(Data extracted from a collection)
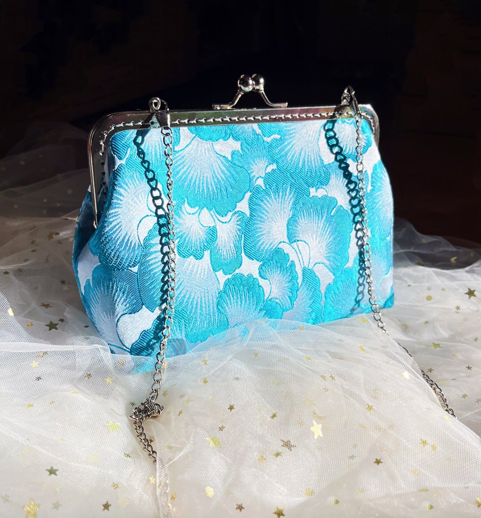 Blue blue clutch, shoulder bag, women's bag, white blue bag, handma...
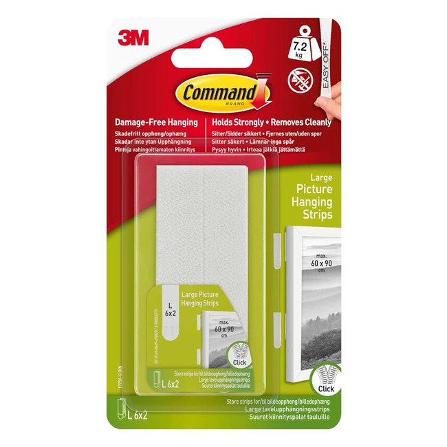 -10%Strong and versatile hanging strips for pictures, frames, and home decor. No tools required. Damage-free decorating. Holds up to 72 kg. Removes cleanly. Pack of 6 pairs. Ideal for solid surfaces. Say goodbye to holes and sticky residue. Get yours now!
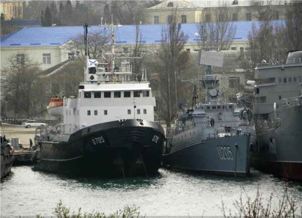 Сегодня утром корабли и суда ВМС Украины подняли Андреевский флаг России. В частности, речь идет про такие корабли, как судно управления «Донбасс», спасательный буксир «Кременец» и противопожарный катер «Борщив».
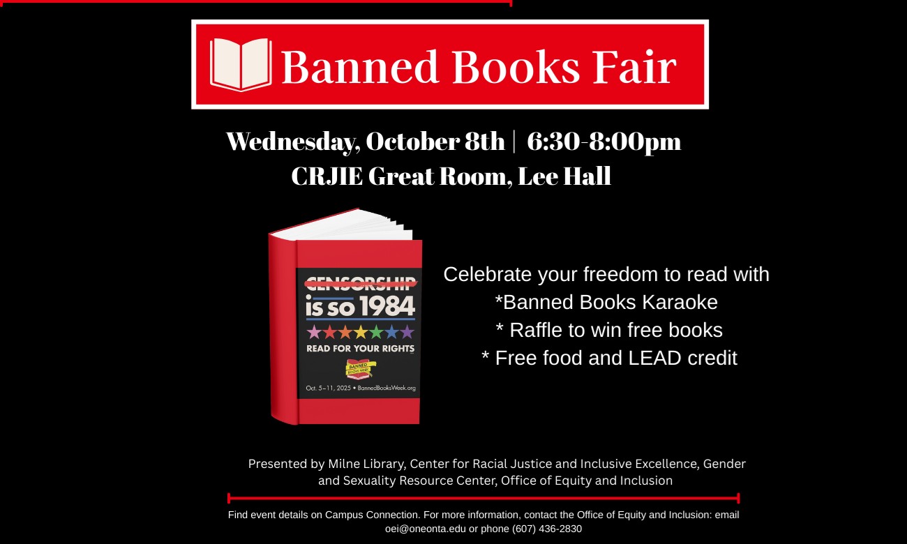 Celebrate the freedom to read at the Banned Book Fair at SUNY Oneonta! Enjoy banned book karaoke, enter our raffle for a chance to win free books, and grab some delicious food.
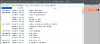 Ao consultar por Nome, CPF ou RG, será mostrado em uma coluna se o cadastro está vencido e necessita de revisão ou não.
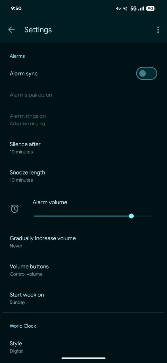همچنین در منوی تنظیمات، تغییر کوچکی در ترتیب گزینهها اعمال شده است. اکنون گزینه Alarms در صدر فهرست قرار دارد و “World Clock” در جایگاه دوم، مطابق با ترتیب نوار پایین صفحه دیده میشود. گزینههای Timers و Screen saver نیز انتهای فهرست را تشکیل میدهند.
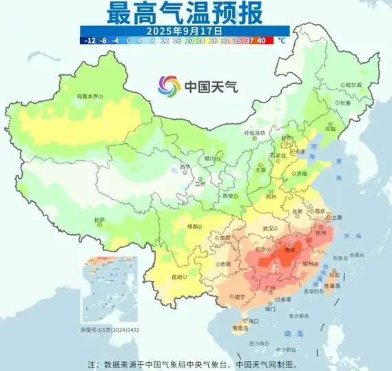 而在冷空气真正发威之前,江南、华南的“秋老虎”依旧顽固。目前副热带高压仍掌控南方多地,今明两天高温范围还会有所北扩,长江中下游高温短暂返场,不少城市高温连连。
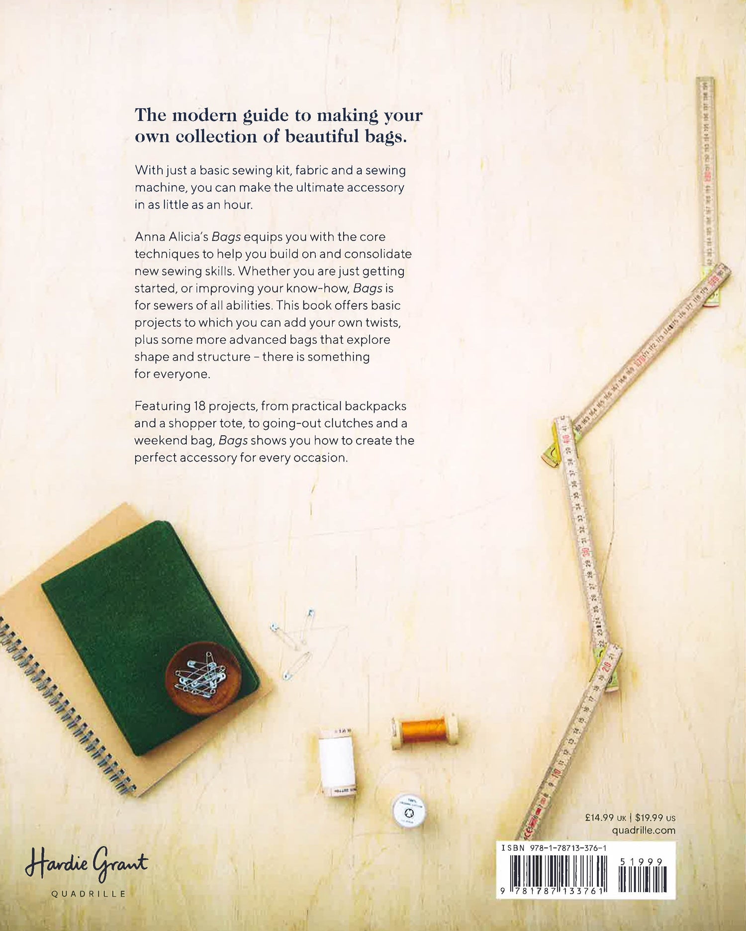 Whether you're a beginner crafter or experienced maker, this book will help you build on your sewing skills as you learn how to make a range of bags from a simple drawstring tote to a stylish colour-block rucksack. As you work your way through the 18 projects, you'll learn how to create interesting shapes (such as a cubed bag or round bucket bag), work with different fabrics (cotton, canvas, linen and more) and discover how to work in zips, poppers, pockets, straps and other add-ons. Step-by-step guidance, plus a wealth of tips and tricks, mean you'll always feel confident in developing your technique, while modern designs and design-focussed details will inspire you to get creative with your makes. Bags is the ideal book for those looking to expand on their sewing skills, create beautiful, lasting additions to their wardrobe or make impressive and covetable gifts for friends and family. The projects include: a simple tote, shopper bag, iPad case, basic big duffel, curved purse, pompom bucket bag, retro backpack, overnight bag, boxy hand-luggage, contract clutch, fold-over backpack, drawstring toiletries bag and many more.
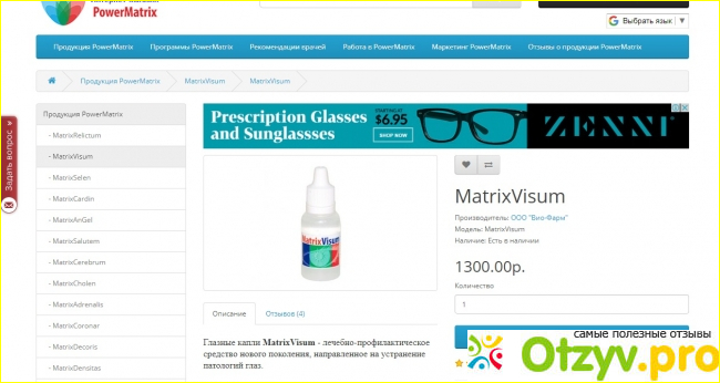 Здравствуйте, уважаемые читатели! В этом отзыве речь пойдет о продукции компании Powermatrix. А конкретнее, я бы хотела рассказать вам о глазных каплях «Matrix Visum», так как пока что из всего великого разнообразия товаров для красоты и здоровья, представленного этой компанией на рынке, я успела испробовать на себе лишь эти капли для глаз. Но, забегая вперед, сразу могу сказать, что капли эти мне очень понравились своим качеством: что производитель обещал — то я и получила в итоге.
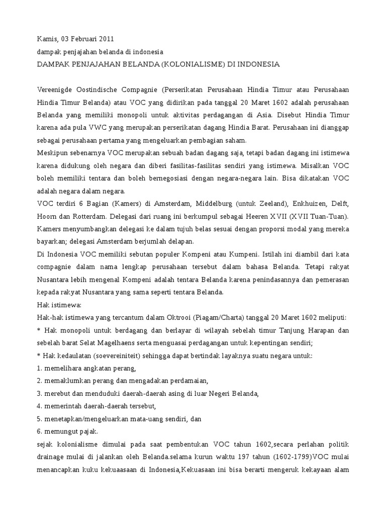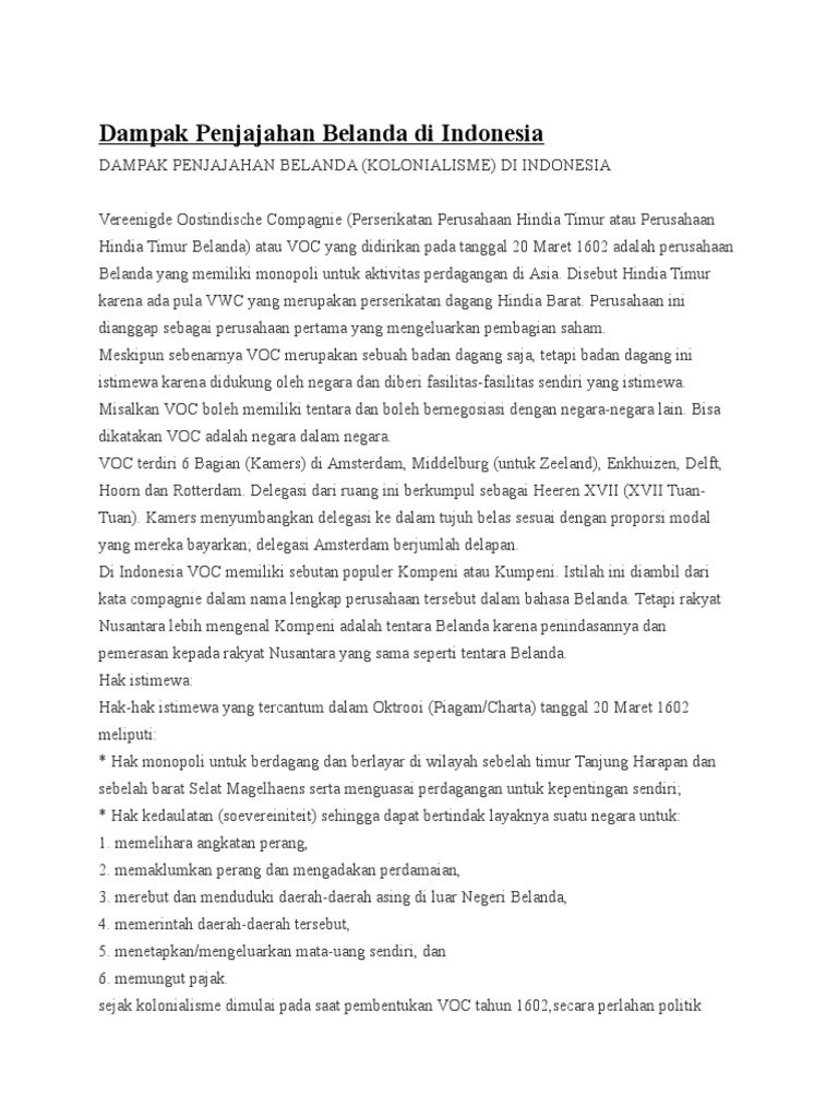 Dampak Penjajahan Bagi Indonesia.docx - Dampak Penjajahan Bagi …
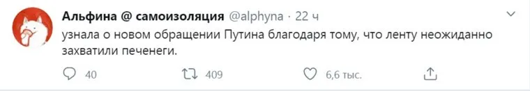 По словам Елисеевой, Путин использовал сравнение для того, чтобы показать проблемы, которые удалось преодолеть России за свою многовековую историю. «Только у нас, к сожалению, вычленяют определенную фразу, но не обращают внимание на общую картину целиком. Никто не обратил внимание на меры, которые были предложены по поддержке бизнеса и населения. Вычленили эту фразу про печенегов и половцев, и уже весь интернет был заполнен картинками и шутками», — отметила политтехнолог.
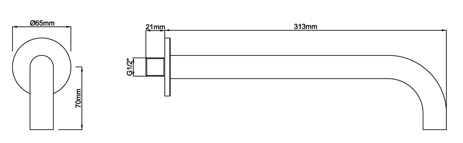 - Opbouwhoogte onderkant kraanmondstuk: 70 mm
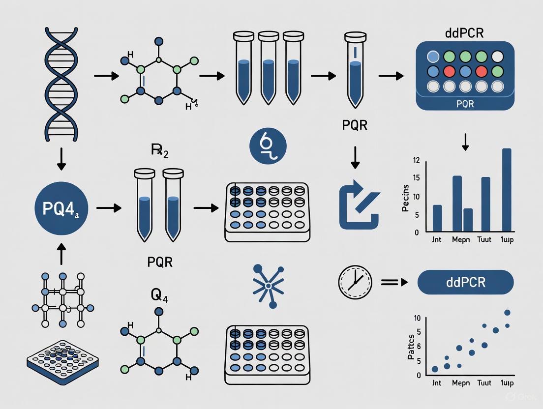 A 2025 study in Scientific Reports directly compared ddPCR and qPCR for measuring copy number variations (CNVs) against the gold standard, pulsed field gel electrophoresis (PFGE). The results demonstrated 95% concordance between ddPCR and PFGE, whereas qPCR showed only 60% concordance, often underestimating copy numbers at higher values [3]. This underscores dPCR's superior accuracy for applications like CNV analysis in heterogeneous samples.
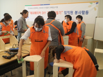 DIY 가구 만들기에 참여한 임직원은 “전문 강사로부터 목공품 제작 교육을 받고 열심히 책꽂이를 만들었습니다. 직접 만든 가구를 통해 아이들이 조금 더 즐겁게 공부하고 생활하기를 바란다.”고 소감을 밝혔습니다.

INSTRUCTIONS FOR THE TASK>
Reproduce every record above exactly, but leave out the pictures.

REPLY>
 Blue blue clutch, shoulder bag, women's bag, white blue bag, handma...
 -10%Strong and versatile hanging strips for pictures, frames, and home decor. No tools required. Damage-free decorating. Holds up to 72 kg. Removes cleanly. Pack of 6 pairs. Ideal for solid surfaces. Say goodbye to holes and sticky residue. Get yours now!
 Сегодня утром корабли и суда ВМС Украины подняли Андреевский флаг России. В частности, речь идет про такие корабли, как судно управления «Донбасс», спасательный буксир «Кременец» и противопожарный катер «Борщив».
 Celebrate the freedom to read at the Banned Book Fair at SUNY Oneonta! Enjoy banned book karaoke, enter our raffle for a chance to win free books, and grab some delicious food.
 Ao consultar por Nome, CPF ou RG, será mostrado em uma coluna se o cadastro está vencido e necessita de revisão ou não.
همچنین در منوی تنظیمات، تغییر کوچکی در ترتیب گزینهها اعمال شده است. اکنون گزینه Alarms در صدر فهرست قرار دارد و “World Clock” در جایگاه دوم، مطابق با ترتیب نوار پایین صفحه دیده میشود. گزینههای Timers و Screen saver نیز انتهای فهرست را تشکیل میدهند.
 而在冷空气真正发威之前,江南、华南的“秋老虎”依旧顽固。目前副热带高压仍掌控南方多地,今明两天高温范围还会有所北扩,长江中下游高温短暂返场,不少城市高温连连。
 Whether you're a beginner crafter or experienced maker, this book will help you build on your sewing skills as you learn how to make a range of bags from a simple drawstring tote to a stylish colour-block rucksack. As you work your way through the 18 projects, you'll learn how to create interesting shapes (such as a cubed bag or round bucket bag), work with different fabrics (cotton, canvas, linen and more) and discover how to work in zips, poppers, pockets, straps and other add-ons. Step-by-step guidance, plus a wealth of tips and tricks, mean you'll always feel confident in developing your technique, while modern designs and design-focussed details will inspire you to get creative with your makes. Bags is the ideal book for those looking to expand on their sewing skills, create beautiful, lasting additions to their wardrobe or make impressive and covetable gifts for friends and family. The projects include: a simple tote, shopper bag, iPad case, basic big duffel, curved purse, pompom bucket bag, retro backpack, overnight bag, boxy hand-luggage, contract clutch, fold-over backpack, drawstring toiletries bag and many more.
 Здравствуйте, уважаемые читатели! В этом отзыве речь пойдет о продукции компании Powermatrix. А конкретнее, я бы хотела рассказать вам о глазных каплях «Matrix Visum», так как пока что из всего великого разнообразия товаров для красоты и здоровья, представленного этой компанией на рынке, я успела испробовать на себе лишь эти капли для глаз. Но, забегая вперед, сразу могу сказать, что капли эти мне очень понравились своим качеством: что производитель обещал — то я и получила в итоге.
 Dampak Penjajahan Bagi Indonesia.docx - Dampak Penjajahan Bagi …
 По словам Елисеевой, Путин использовал сравнение для того, чтобы показать проблемы, которые удалось преодолеть России за свою многовековую историю. «Только у нас, к сожалению, вычленяют определенную фразу, но не обращают внимание на общую картину целиком. Никто не обратил внимание на меры, которые были предложены по поддержке бизнеса и населения. Вычленили эту фразу про печенегов и половцев, и уже весь интернет был заполнен картинками и шутками», — отметила политтехнолог.
 - Opbouwhoogte onderkant kraanmondstuk: 70 mm
 A 2025 study in Scientific Reports directly compared ddPCR and qPCR for measuring copy number variations (CNVs) against the gold standard, pulsed field gel electrophoresis (PFGE). The results demonstrated 95% concordance between ddPCR and PFGE, whereas qPCR showed only 60% concordance, often underestimating copy numbers at higher values [3]. This underscores dPCR's superior accuracy for applications like CNV analysis in heterogeneous samples.
 DIY 가구 만들기에 참여한 임직원은 “전문 강사로부터 목공품 제작 교육을 받고 열심히 책꽂이를 만들었습니다. 직접 만든 가구를 통해 아이들이 조금 더 즐겁게 공부하고 생활하기를 바란다.”고 소감을 밝혔습니다.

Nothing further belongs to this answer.